_Problem to solve_.
Leave the images out, and copy each of the records below exactly.
** Opening Given data block **
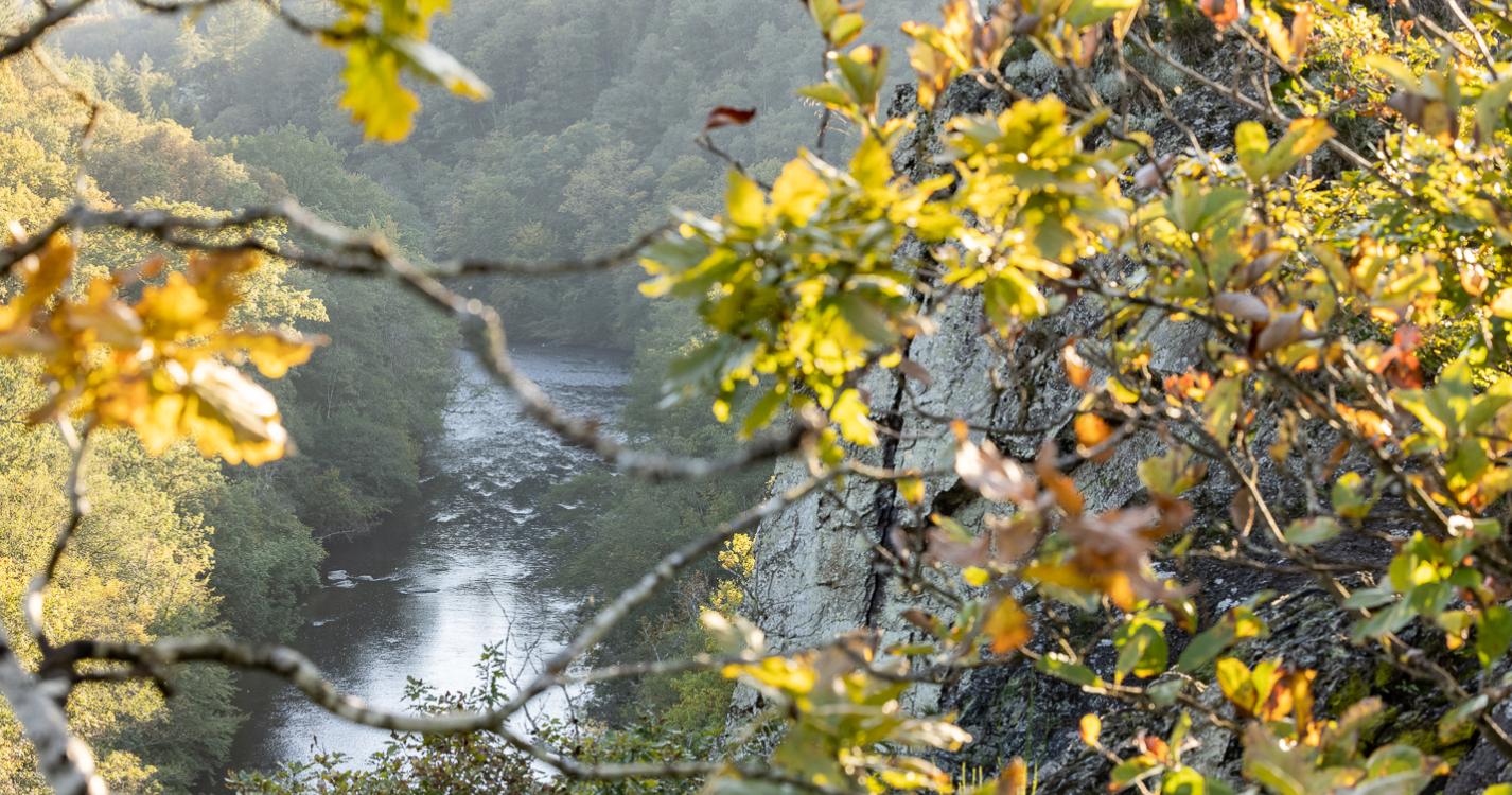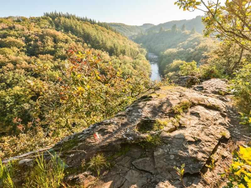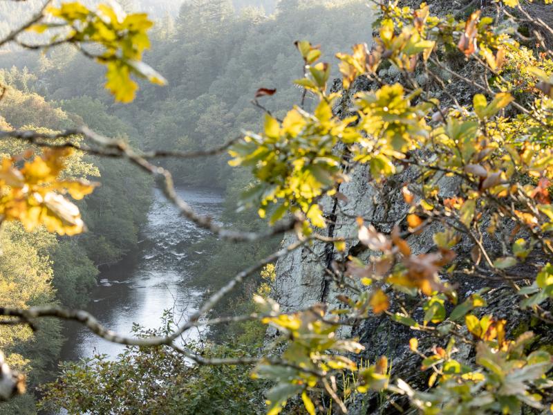 Whoever said Belgium was a flat country? Le Hérou proves, in any case, that you can find superb views here and there is no doubt that this one, in the Deux Ourthes nature park in the heart of the Ardennes, offers one of the most beautiful panoramas in Belgium. It’s this rocky cliff, impressive both for its height (you stand 80 to 90 metres above the Ourthe) and for its shape (the rock face being almost completely vertical), that makes the site so phenomenal. You can see how the elements have worked tirelessly in an age-old battle to make it what it is today.
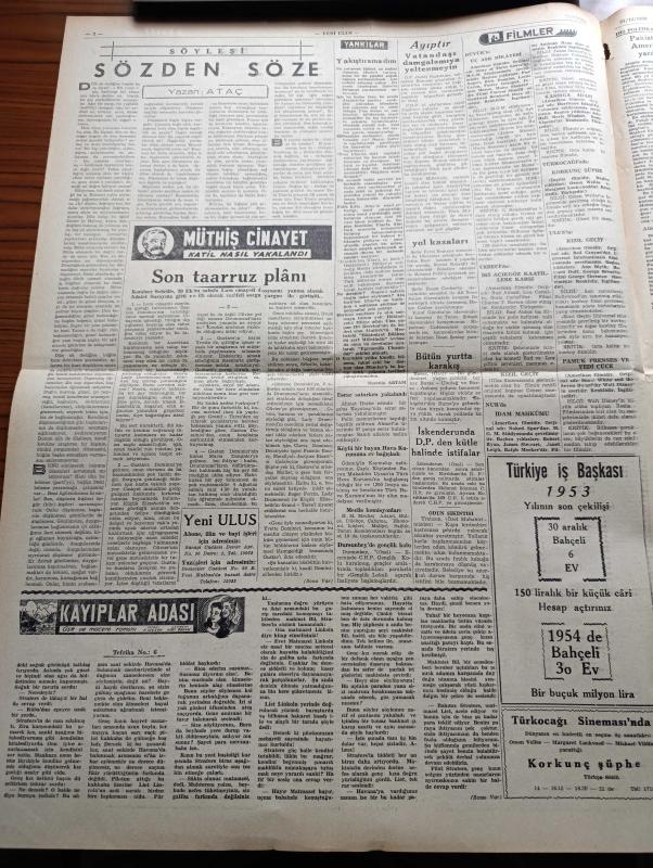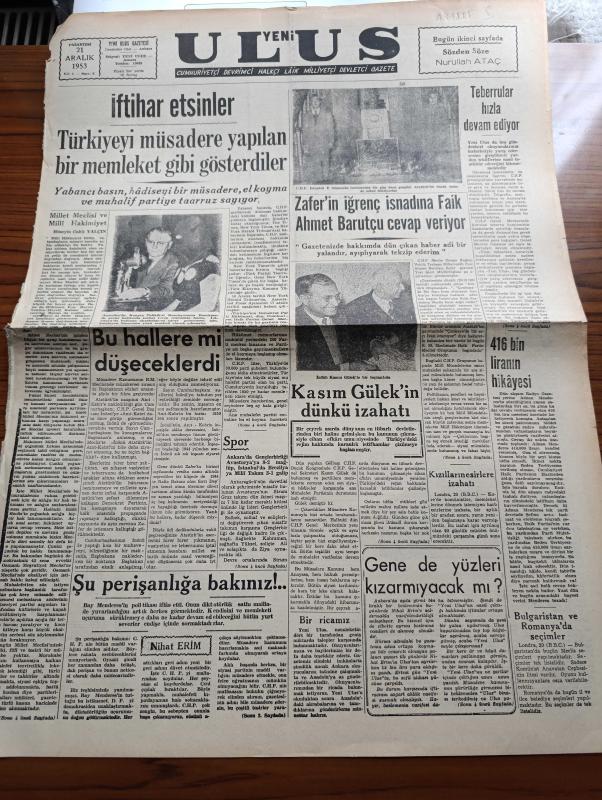 Yeni Ulus Gazetesi - 21 Aralık 1953 - Yabancı Basında CHP'nin Mallarının Alınması Hadisesi - İsmet İnönü Kasım Gülek'le Toplantıda - Zafer Gazetesinin İğrenç İsnadına Faik Ahmet Barutçu Cevap Veriyor - Ankara'da Gençlerbirliği Avusturya'ya 8 2 Mağlup Oldu - Hüseyin Cahit Yalçın - Kore'de Kızılların Esirlere İzahatı - Nihat Erim - Nurullah Ataç Köşe Yazısı - Müthiş Cinayet Katil Nasıl Yakalandı - İki Açıkgöz Katillere Karşı Filmi - Pamuk Prenses Ve Yedi Cüceler Filmi - Kayıplar Adası Çeviren Nuri Özkan Yazı - Pakistan'a Amerikan Yardımı - Güzellik Müsabakalarının İçyüzü Yazı Dizisi - Nivea Krem - Yeni Çıkan Sahibinin Sesi Plakları - Minerva Dikiş Makinesi - Hamiyet Yüceses - Abdullah Yüce - Mustafa Çağlar - Orion Radyoları - Ozon Çamaşır Suyu- Vikodin Tablet, Nihat Erim tarafından kaleme alınmıştır. Yeni Ulus Gazetesi - 21 Aralık 1953 - Yabancı Basında CHP'nin Mallarının Alınması Hadisesi - İsmet İnönü Kasım Gülek'le Toplantıda - Zafer Gazetesinin İğrenç İsnadına Faik Ahmet Barutçu Cevap Veriyor - Ankara'da Gençlerbirliği Avusturya'ya 8 2 Mağlup Oldu - Hüseyin Cahit Yalçın - Kore'de Kızılların Esirlere İzahatı - Nihat Erim - Nurullah Ataç Köşe Yazısı - Müthiş Cinayet Katil Nasıl Yakalandı - İki Açıkgöz Katillere Karşı Filmi - Pamuk Prenses Ve Yedi Cüceler Filmi - Kayıplar Adası Çeviren Nuri Özkan Yazı - Pakistan'a Amerikan Yardımı - Güzellik Müsabakalarının İçyüzü Yazı Dizisi - Nivea Krem - Yeni Çıkan Sahibinin Sesi Plakları - Minerva Dikiş Makinesi - Hamiyet Yüceses - Abdullah Yüce - Mustafa Çağlar - Orion Radyoları - Ozon Çamaşır Suyu- Vikodin Tablet adlı eser Türkçe dilindedir.
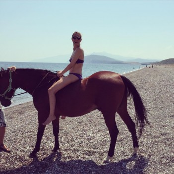 Η Βίκυ Καγιά χαλαρώνει κάνοντας ιππασία και απολαμβάνοντας τον ήλιο. Διαθέτει τέλειες αναλογίες και ένα κορμί ιδανικό που δε φαίνεται να εγκαταλείπει ποτέ.
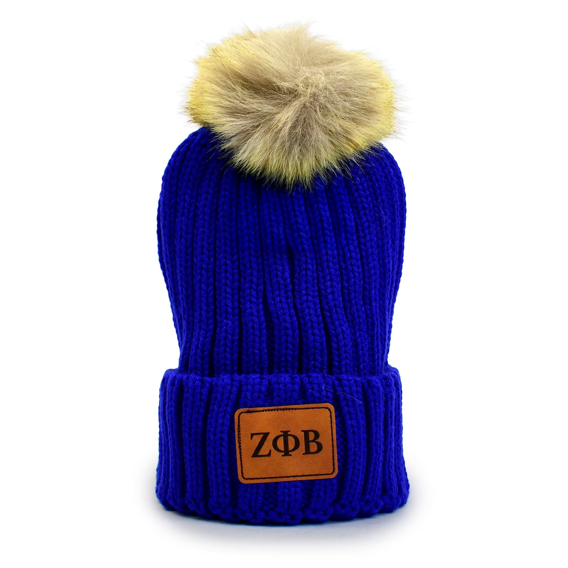 Represent in style with our Sorority Pom Pom Beanie Hat! Our knit hat is color specific to your organization and features a vegan leather patch embossed with your sorority letters. The super fluffy fur pom pom on top makes it the perfect trendy accessory to show off your spirit during the fall and winter months!
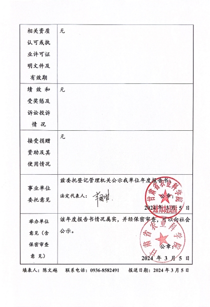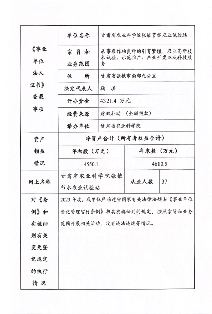 根据甘肃省事业单位登记局法人证书年检流程,我单位法人证书的年检报告书需在院局域网上进行公示,现将我单位2023年度事业单位法人年度报告书予以公示,对报告书填写内容的真实性给予监督。
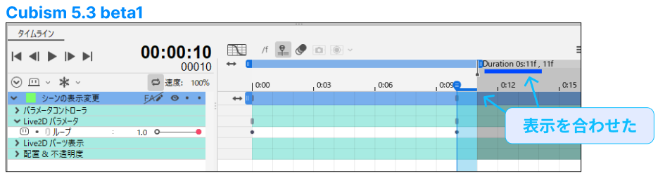 Cubism 5.3beta1から「Duration」の範囲表示(グレー部分)をシーンの長さに合わせました。
** Closing Given data block **
_Your response_.
 Whoever said Belgium was a flat country? Le Hérou proves, in any case, that you can find superb views here and there is no doubt that this one, in the Deux Ourthes nature park in the heart of the Ardennes, offers one of the most beautiful panoramas in Belgium. It’s this rocky cliff, impressive both for its height (you stand 80 to 90 metres above the Ourthe) and for its shape (the rock face being almost completely vertical), that makes the site so phenomenal. You can see how the elements have worked tirelessly in an age-old battle to make it what it is today.
 Yeni Ulus Gazetesi - 21 Aralık 1953 - Yabancı Basında CHP'nin Mallarının Alınması Hadisesi - İsmet İnönü Kasım Gülek'le Toplantıda - Zafer Gazetesinin İğrenç İsnadına Faik Ahmet Barutçu Cevap Veriyor - Ankara'da Gençlerbirliği Avusturya'ya 8 2 Mağlup Oldu - Hüseyin Cahit Yalçın - Kore'de Kızılların Esirlere İzahatı - Nihat Erim - Nurullah Ataç Köşe Yazısı - Müthiş Cinayet Katil Nasıl Yakalandı - İki Açıkgöz Katillere Karşı Filmi - Pamuk Prenses Ve Yedi Cüceler Filmi - Kayıplar Adası Çeviren Nuri Özkan Yazı - Pakistan'a Amerikan Yardımı - Güzellik Müsabakalarının İçyüzü Yazı Dizisi - Nivea Krem - Yeni Çıkan Sahibinin Sesi Plakları - Minerva Dikiş Makinesi - Hamiyet Yüceses - Abdullah Yüce - Mustafa Çağlar - Orion Radyoları - Ozon Çamaşır Suyu- Vikodin Tablet, Nihat Erim tarafından kaleme alınmıştır. Yeni Ulus Gazetesi - 21 Aralık 1953 - Yabancı Basında CHP'nin Mallarının Alınması Hadisesi - İsmet İnönü Kasım Gülek'le Toplantıda - Zafer Gazetesinin İğrenç İsnadına Faik Ahmet Barutçu Cevap Veriyor - Ankara'da Gençlerbirliği Avusturya'ya 8 2 Mağlup Oldu - Hüseyin Cahit Yalçın - Kore'de Kızılların Esirlere İzahatı - Nihat Erim - Nurullah Ataç Köşe Yazısı - Müthiş Cinayet Katil Nasıl Yakalandı - İki Açıkgöz Katillere Karşı Filmi - Pamuk Prenses Ve Yedi Cüceler Filmi - Kayıplar Adası Çeviren Nuri Özkan Yazı - Pakistan'a Amerikan Yardımı - Güzellik Müsabakalarının İçyüzü Yazı Dizisi - Nivea Krem - Yeni Çıkan Sahibinin Sesi Plakları - Minerva Dikiş Makinesi - Hamiyet Yüceses - Abdullah Yüce - Mustafa Çağlar - Orion Radyoları - Ozon Çamaşır Suyu- Vikodin Tablet adlı eser Türkçe dilindedir.
 Η Βίκυ Καγιά χαλαρώνει κάνοντας ιππασία και απολαμβάνοντας τον ήλιο. Διαθέτει τέλειες αναλογίες και ένα κορμί ιδανικό που δε φαίνεται να εγκαταλείπει ποτέ.
 Represent in style with our Sorority Pom Pom Beanie Hat! Our knit hat is color specific to your organization and features a vegan leather patch embossed with your sorority letters. The super fluffy fur pom pom on top makes it the perfect trendy accessory to show off your spirit during the fall and winter months!
 根据甘肃省事业单位登记局法人证书年检流程,我单位法人证书的年检报告书需在院局域网上进行公示,现将我单位2023年度事业单位法人年度报告书予以公示,对报告书填写内容的真实性给予监督。
 Cubism 5.3beta1から「Duration」の範囲表示(グレー部分)をシーンの長さに合わせました。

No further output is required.